Не беря налитого стаканчика, Петр Васильевич потянулся к ветчине, хлебу, намазал ломоть кабачковой икрой.
– Василич, хучь малость, а прихлебни! – просительно сказал Митроша. – Все ж таки это… Новая, можно сказать, для нас жизнь начинается…
– Многовато за плечами годков – для новой-то жизни!
– Не то уж мы с тобой старики!
– А кто же мы?
Митроша не возразил, а, помолчав, выпив свой стаканчик, сказал даже совсем согласно с Петром Васильевичем:
– Да вообще-то – да… Эх, жизнь, – пролетела… Одно только и осталось – на пенсию. Сказать честно, позволял бы закон, – завтра же отчалил. Хватит, намаялся. Уже и силы нету изо дня в день до свету подыматься, беремя свое тянуть… А пенсию хучь какую-нибудь платили – и ладно. Детей на ноги поставил, сами живут, по своему направлению. Домишко есть, огород есть, картошку на зиму запасем, – чего еще нам с бабой нужно? Больших денег не наработал, так теперь, в такие-то свои годы, и подавно не забогатеешь… Дожить свое остатнее – да и конец, на вечный отдых…

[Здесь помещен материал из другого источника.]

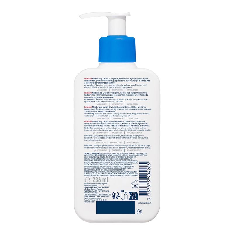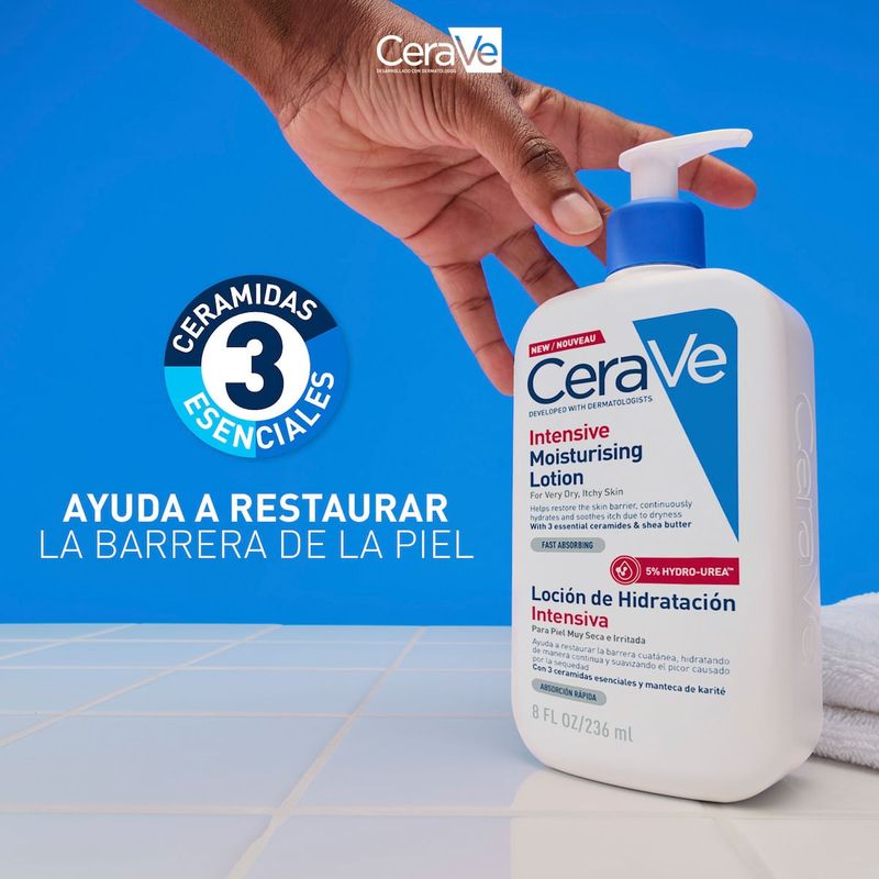 DescripcionLa Loción de Hidratación Intensiva de CeraVe es un tratamiento dermatológico especializado que combina el exclusivo complejo Hydro-Urea™ con tecnología MVE para brindar hidratación profunda y duradera. Su fórmula cremosa pero ultraliviana se funde con tu piel, creando una sensación de alivio instantáneo sin esa molesta capa grasosa que dejan otras cremas.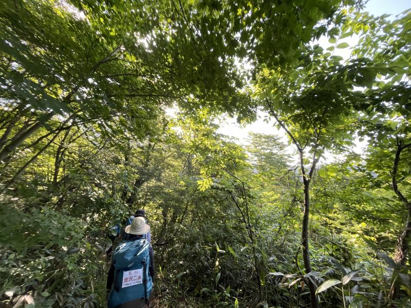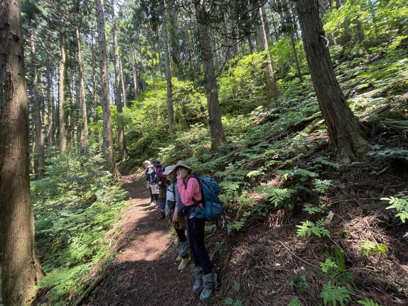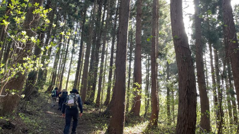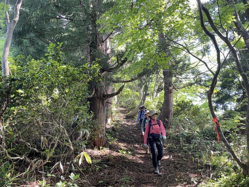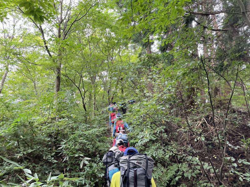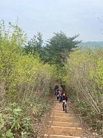 前日の雨で日陰の部分はぬかるみがあり、今年の大雪で倒木が多くなっていました。途中でお会いした登山者の方と「あっちの道は〇〇だから気をつけて」、「ここは冬には木のてっぺんまで雪があったんだよ」と交流をしながらゆったりと登山することができました。今回は1年生2名が初参加しましたが、先輩に遅れることなく、景色を楽しみながら登りきることができました。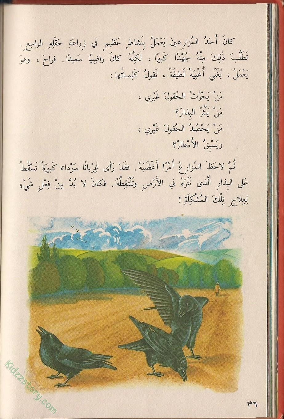 ثم لاحظ المزارع أمرا أغضبه. فقد رأى غربانا سوداء كبيرة تسقط على البذار الذي نثره في الأرض وتلتقطه. فكان لا بد من فعل شيء لعلاج تلك المشكلة!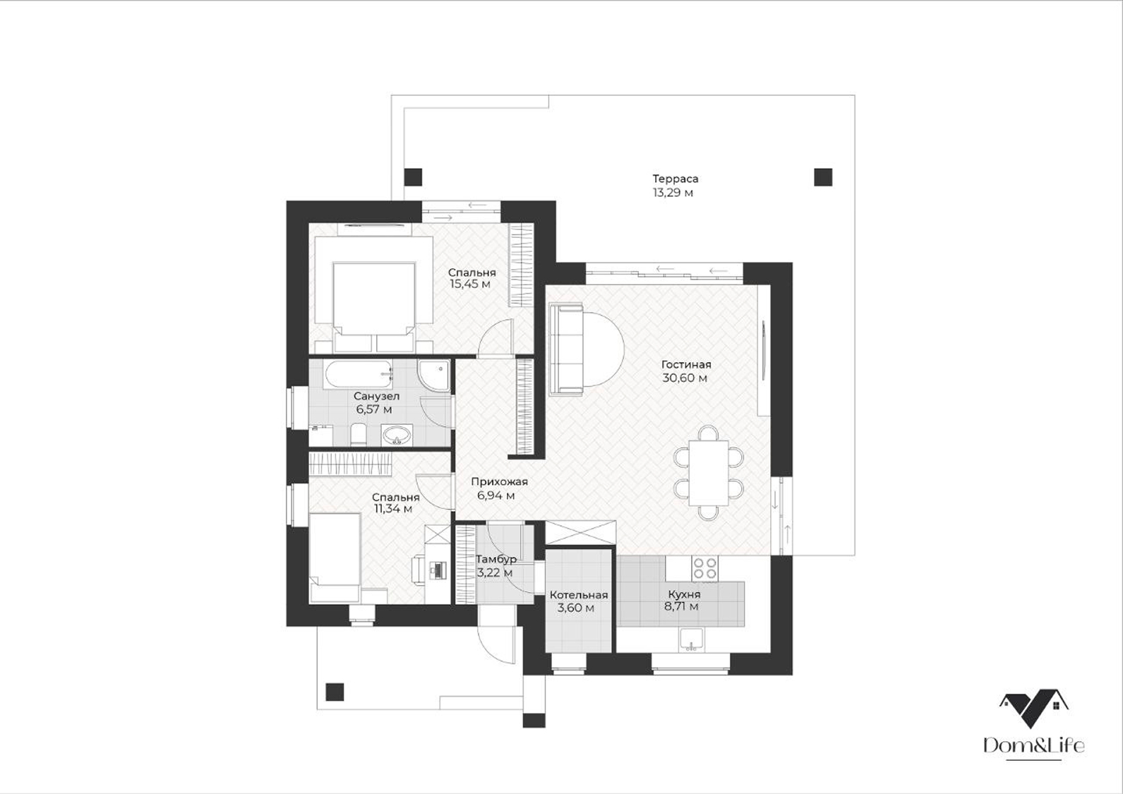 Внешние элементы:- Терраса: 13,29 м² — летняя зона отдыха с перголой и выходом из гостиной.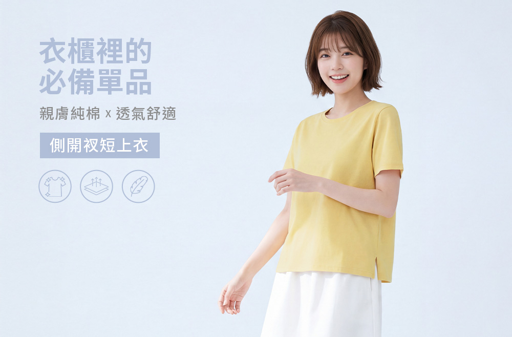 純棉圓領側開衩短上衣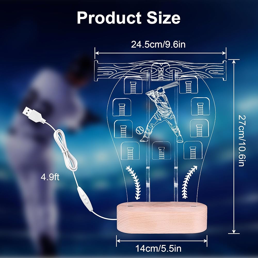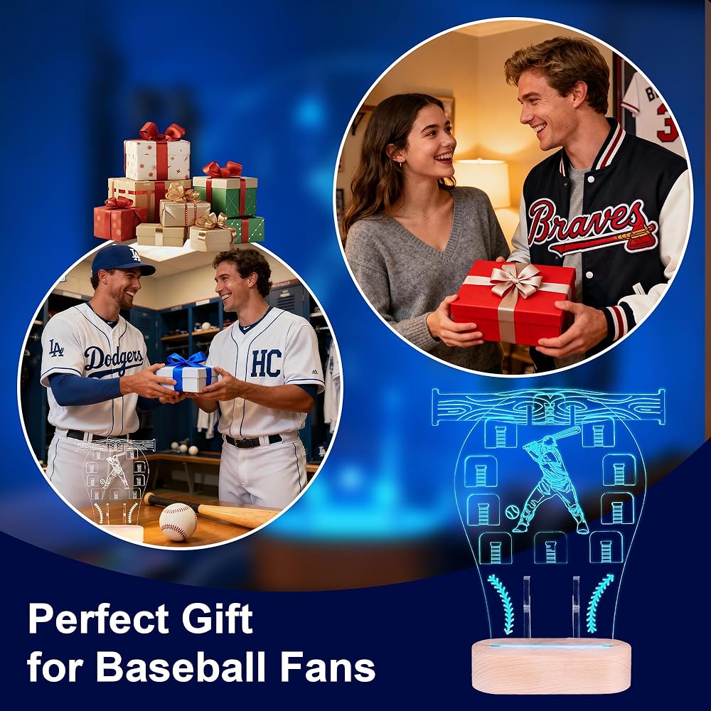 حامل حلقة البيسبول Loscarol المضيئة، 7 ألوان ثلاثية الأبعاد LED أضواء بطولة حلقة العرض، هدايا البيسبول للأولاد، هدايا عيد ميلاد لمحبي اللاعبين، ملحقات البيسبول للأولاد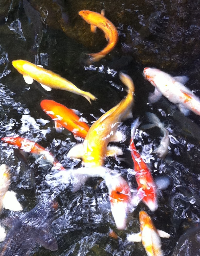 2. To make it easy for yourself, take a design from a magazine, or print a shape out and use that as your main stencil. I free-handed three different fish from pictures I took from the pond.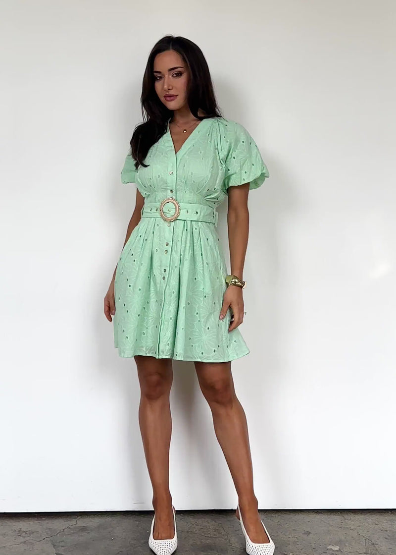 Fresh and lively, the Danney Dress in Pastel Green makes the perfect picnic companion. Add white sneakers, a mini crossbody and sunnies for a crisp daytime outfit.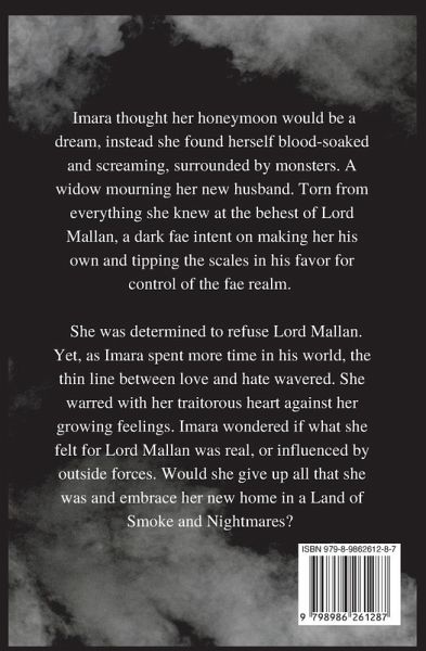 Imara thought her honeymoon would be a dream, instead she found herself blood-soaked and screaming, surrounded by monsters. A widow mourning her new husband. Torn from everything she knew at the behest of Lord Mallan, a dark fae intent on making her his own and tipping the scales in his favor for control of the fae realm. She was determined to refuse Lord Mallan. Yet, as Imara spent more time in his world, the thin line between love and hate wavered. She warred with her traitorous heart against her growing feelings. Imara wondered if what she felt for Lord Mallan was real, or influenced by outside forces. Would she give up all that she was and embrace her new home in a Land of Smoke and Nightmares?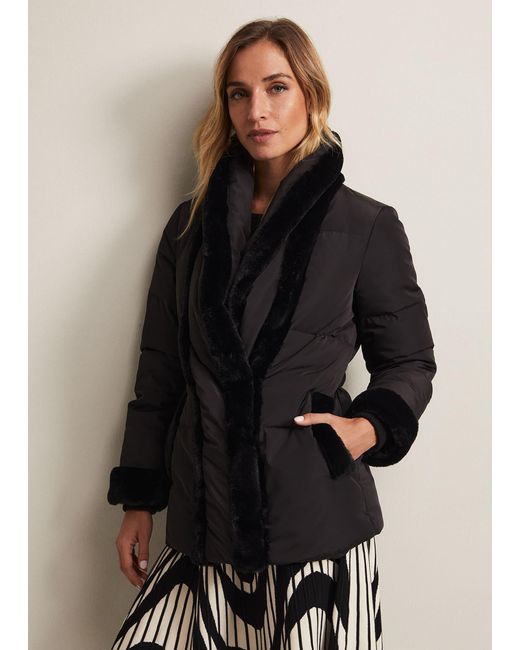 Women's Black Nelle Faux Fur Short Puffer Coat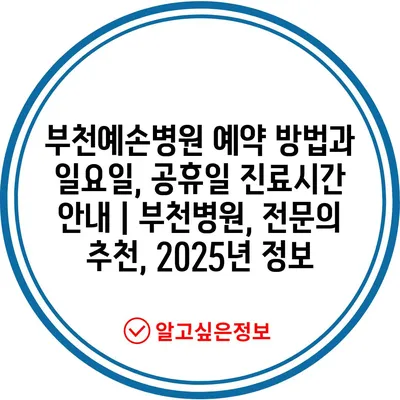 부천예손병원 예약 방법과 일요일, 공휴일 진료시간 안내 | 부천병원, 전문의 추천, 2025년 정보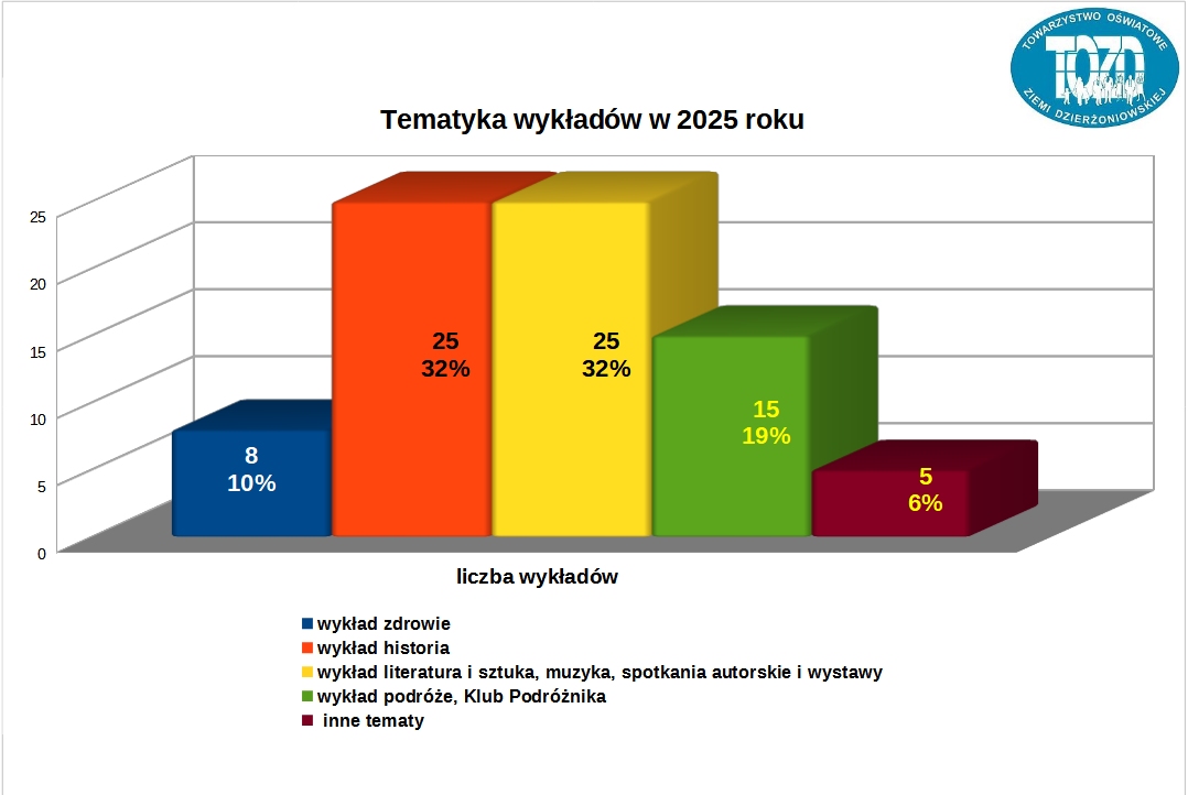 Wykłady podzielone na główne tematy wskazują na zagadnienia, których ciągle jesteśmy ciekawi. Należy tu podkreślić dużą frekwencję na wykładach historycznych. Nie narzekają na popularność wykłady z literatury i szeroko pojętej sztuki oraz tematy turystyczne i krajoznawcze realizowane z Klubem Podróżnika.
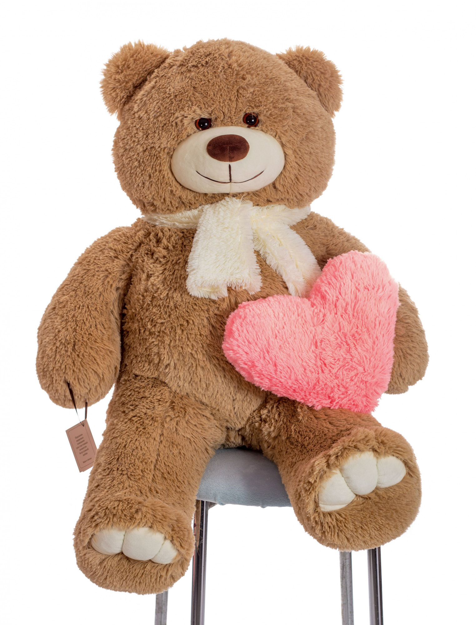 Наші плюшеві ведмедики мають правильні пропорції тіла та не збільшені за рахунок штучно подовжених ніг або інших частин тіла. Ми не відходимо від європейських стандартів вимірювання великих іграшок, тому до розрахунку зростання включено коефіцієнт обсягу. Довжиною ведмедика вважається сума двох відрізків у положенні сидячи: від голови до хвоста (це перший) та від хвоста до закінчення лап (це другий).

Слова были о грустном, но Митроша говорил их без грусти и сожаления, Петр Васильевич даже подумал: завидный Митроша все ж таки человек, смерти и то легко ждет… Ведь так и умирать будет – запросто, буднично, не упираясь, а вроде бы исполняя должное: пришел срок, что ж поделаешь!
А жизнь-то, на поверку, действительно короткая, быстротечная штука. Ну что вот Петр Васильевич – заметил ее, может ли он сказать, что чувствует ее протяженность, что это немало – полста годов, которые он прожил? Он еще и не вкусил ее по-настоящему, все, что было, только вело к чему-то главному, так ему всегда казалось, что-то только должно открыться ему, распахнуться во всю ширь, а вот уже – и всё, о пенсиях, о вечном отдыхе разговор…
– Конечно, – сказал Митроша, наливая для себя новый стаканчик и о чем-то размышляя, – на таких бы машинах с самого начала работать, как сейчас в колхозы дают, нас бы с тобой подольше хватило… А то ведь как пришлось! Особенно после войны, вспомни. В эмтээсе нашем – что было, какое оборудование? Расточку цилиндров вручную делали, дрелью, ста потами исходили. Об точности и не спрашивай, лишь бы поршень влез… Трактора какие были, помнишь? Особенно те, из военных частей, списанные. Мучали их, бедняг, на фронте без всякой пощады, а потом мы их домучивали да сами муку от них терпели… Помнишь, как ты у оврага пахал, на самом краю, на «Удике» колесном, а полуось сваренная была, трах! – колесо в овраг, и ты за ним следом, с трактором, кутырмя… Как он тебя не раздушил-то, счастливо ты тогда отделался… А как у меня радиатор паром рванул, кипятком меня всего ошпарил, помнишь? Вот они – метки… – Митроша вытянул кисти рук с бледными, глянцевитыми пятнами на коже, следами давнего ожога.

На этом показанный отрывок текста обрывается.